In the third quarter of 2025, top-grossing categories were beauty (VND17.7 trillion or $673.4 million), home and living (VND13.8 trillion or $525 million), and women's fashion (VND12.1 trillion or $460.4 million).
Shoppertainment became the “new industry benchmark”. Following TikTok's dominance, other platforms have adopted livestreaming and short-video selling. Brands are also expanding sales channels accordingly. Nina Live Hub, a vibrant livestream solution provider, now offers end-to-end services and has expanded into a full ecosystem with Nina Ecom Centre, covering creator training, creator network management, storefront operations, and revenue management across e-commerce platforms.
Effective July 1, 2025, e-commerce platforms are required to withhold VAT and personal income tax (PIT) on sales made through their sites. Platforms must collect 1 per cent VAT and 0.5 per cent PIT on revenue from goods sold by domestic individuals and household businesses.
This mechanism effectively turns platforms into tax collectors, formalising the income of thousands of micro-entrepreneurs and reducing the ability for sellers to operate informally. This also increases operational complexity and compliance costs from upgrading billing systems, seller classification, reporting and reconciliation.

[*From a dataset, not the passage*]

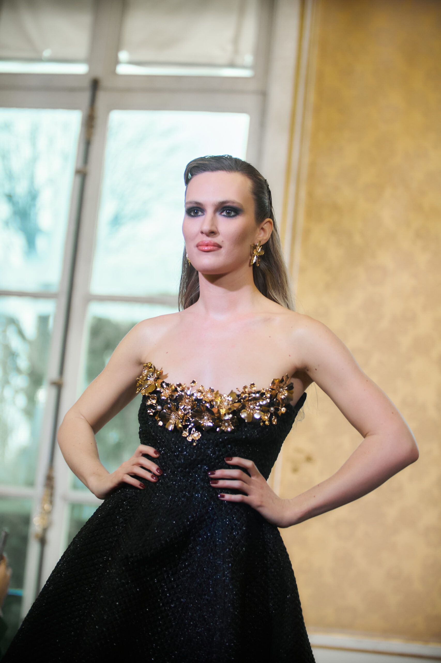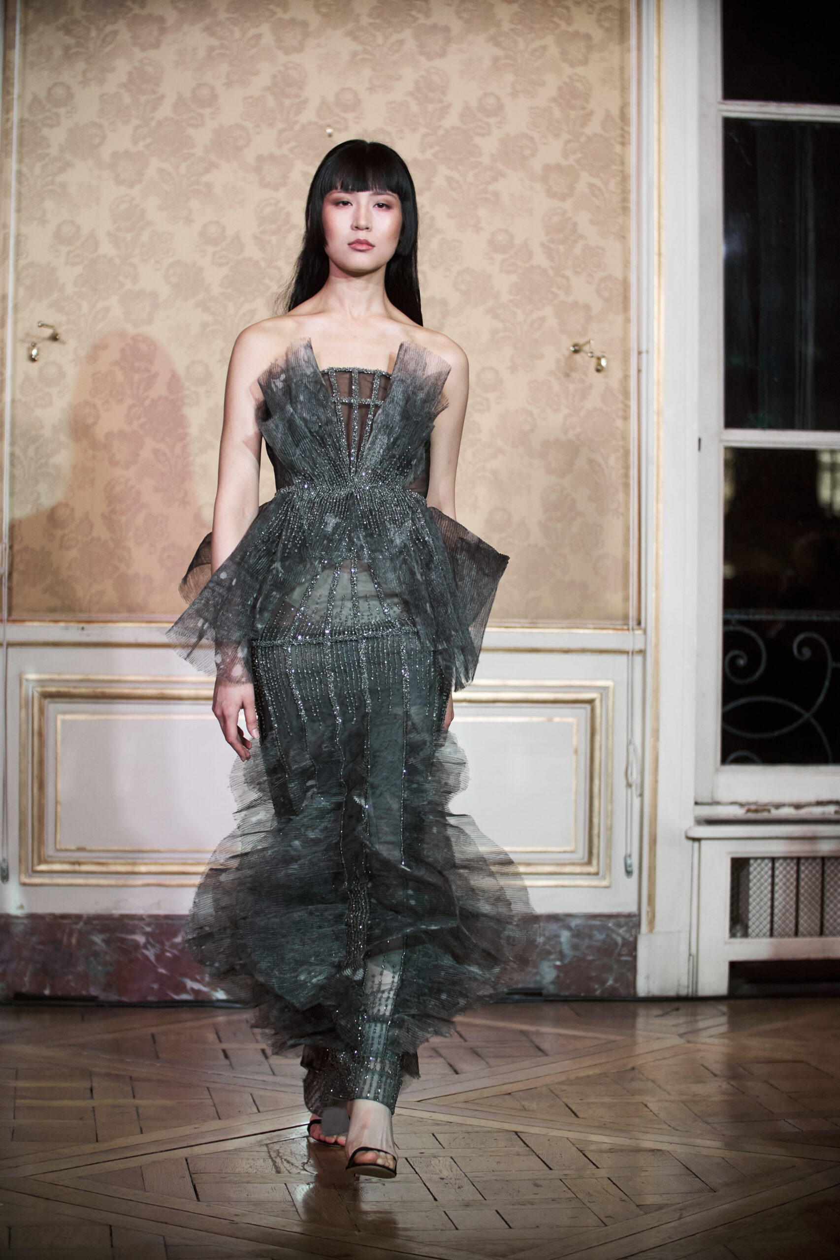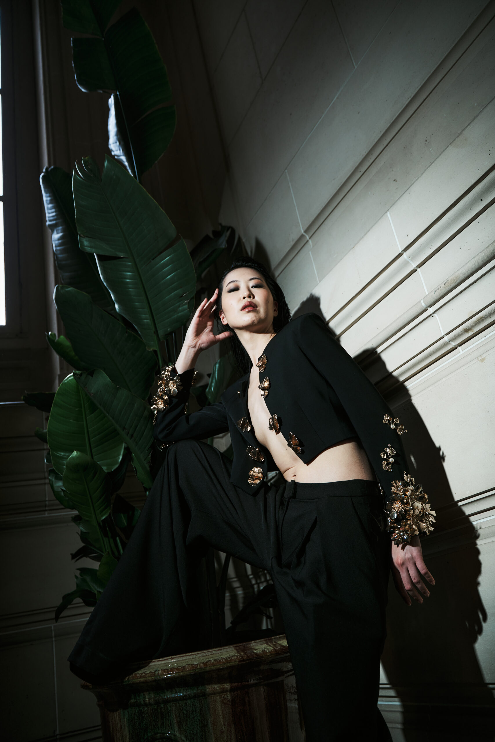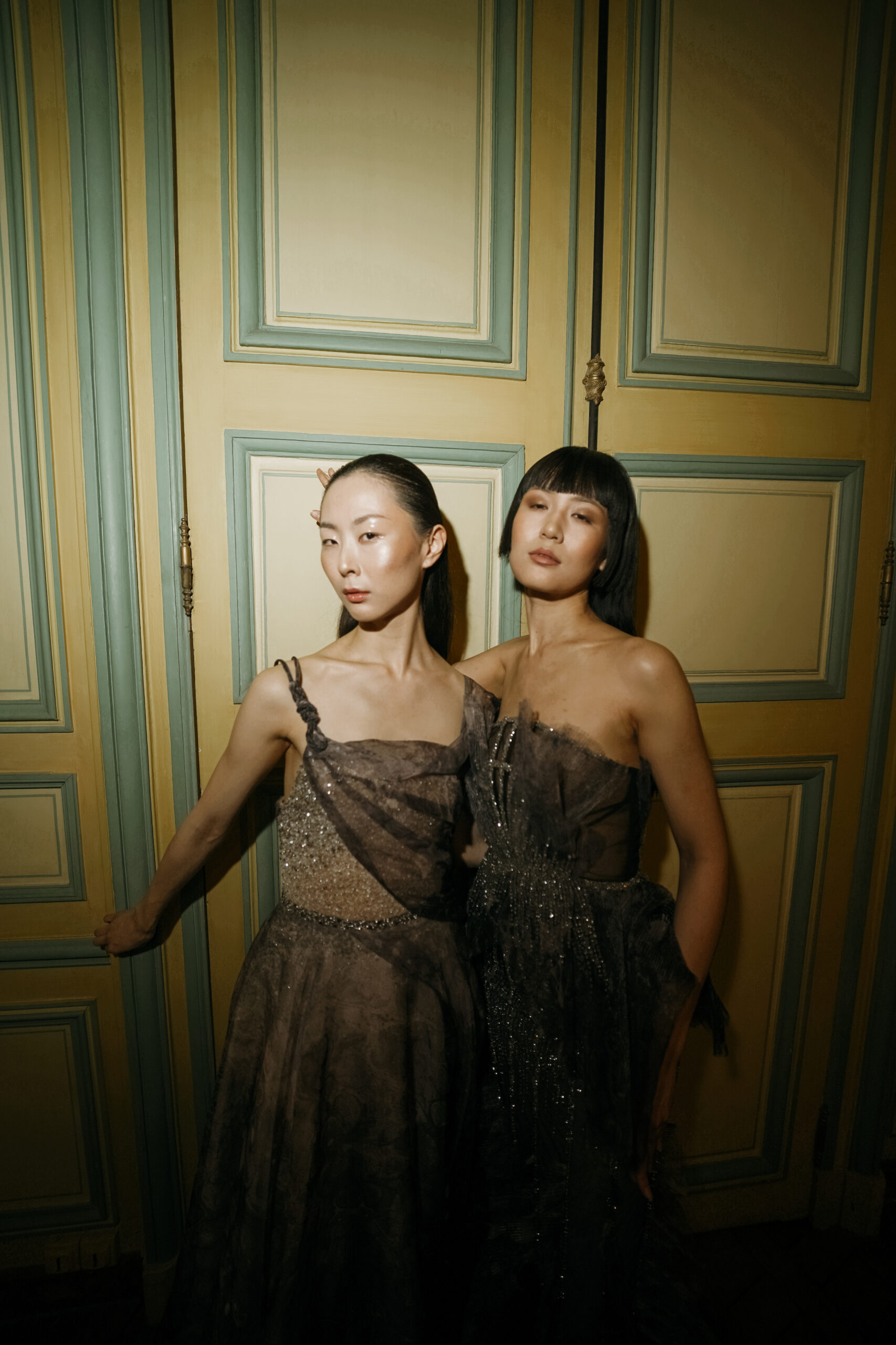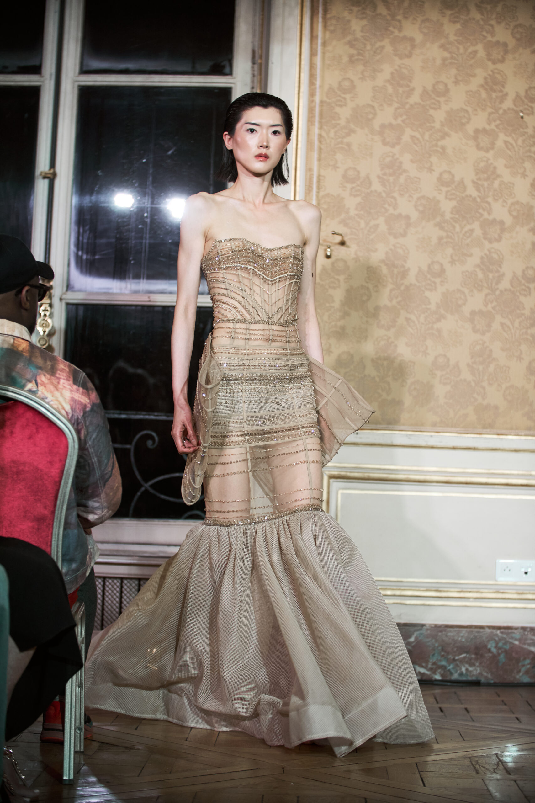 Laith Maalouf a enchanté l’audience avec sa collection inspirée des déesses, Amora: Une Symphonie de Structure et de Fluidité. Fusionnant design structuré et fluidité, chaque création rend hommage aux courbes gracieuses des statues de la Renaissance, incarnant l’essence divine de la déesse Amora à travers draperies aériennes et ornements dorés luxuriants.

The report shows the rollout of new e-commerce regulations is expected to formalise the market and improve transparency, while increasing compliance burdens, especially for sellers operating through social commerce channels
Market success will increasingly depend on government and private-sector investment in e-commerce enablers and cross-border logistics, enabling small- and medium-sized enterprises to meet international quality and sustainability standards and scale Vietnam's digital export potential.
Larger platforms and well-capitalised direct-to-consumer brands are likely to use AI to boost productivity and reduce costs by 10-30 per cent, while smaller players that lag in AI adoption may struggle to remain competitive on cost and operational efficiency.